The biggest challenge to understanding Valle d’Aosta wines may be in finding them in the first place. Italy’s smallest region is also it’s smallest wine producer, by a long shot (between 150,000-350,000 cases are produced annually, depending on vintage conditions). These wines may be small in number, but they are consistently of high quality. Nebbiolo lovers find a vibrant and vital expression from the steeply-pitched hills of Donnas and Arnaud-Montjovet, while the high-wire act performed by the lean white wines of Morgex and La Salle can be downright thrilling. In between, Petite Rouge, Fumin, Pinot Grigio and Petite Arvine all vie for attention. Let’s take a deeper look.
A Split History
Valle d’Aosta was a vital corridor that connected ancient Rome to northern Europe over the highest of the Alps. Once under the authority of the Roman Empire (who introduced viticulture), the valley underwent a significant transformation in the 6th century when the Frankish Kingdom assumed control. The language steadily shifted to a French-Provençal dialect, and for the next five centuries, Valle d’Aosta’s allegiances were to the north. The House of Savoy assumed control in the 11th century, but the valley remained largely autonomous even then, thanks to its rugged remoteness. In fact, it wasn’t until the mid-19th century that Valle d’Aosta would once again align with its southern neighbors, when it joined the Kingdom of Sardinia, a precursor to modern Italy. But even then, the culture of this region was steadfastly singular. After World War II, Valle d’Aosta was granted a degree of autonomy in its governance, as a condition to staying aligned with Italy.

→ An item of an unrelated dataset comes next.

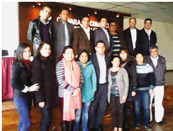
Gerencia para estaciones de servicio - febrero 24, 25 y 26

This history explains much of what we see in the vineyards and cellars of Valle d’Aosta. At the mouth of the valley, close to Turin, Nebbiolo dominates the sloped vineyards from Donnas to Montjovet. In the heart of the region — around the city of Aosta — Petite Rouge, Fumin, Prié Rouge, Cornalin and Petite Arvine underscore how Valle d’Aosta’s indigenous grape varieties remain staples of the wine industry, while occasional plantings of Pinot Noir, Gamay and Chardonnay reveal the French influence. Further up the valley still, on the Italian slopes beneath the mighty Mont Blanc, plantings of Prié Blanc take over.
This continuum of Italian to French influence in the wines — mixed with a continental climate heavily influenced by alpine weather — makes Valle d’Aosta unique in the wine world.
Because of the mountainous terrain, nothing comes easy to the winegrowers of Valle d’Aosta.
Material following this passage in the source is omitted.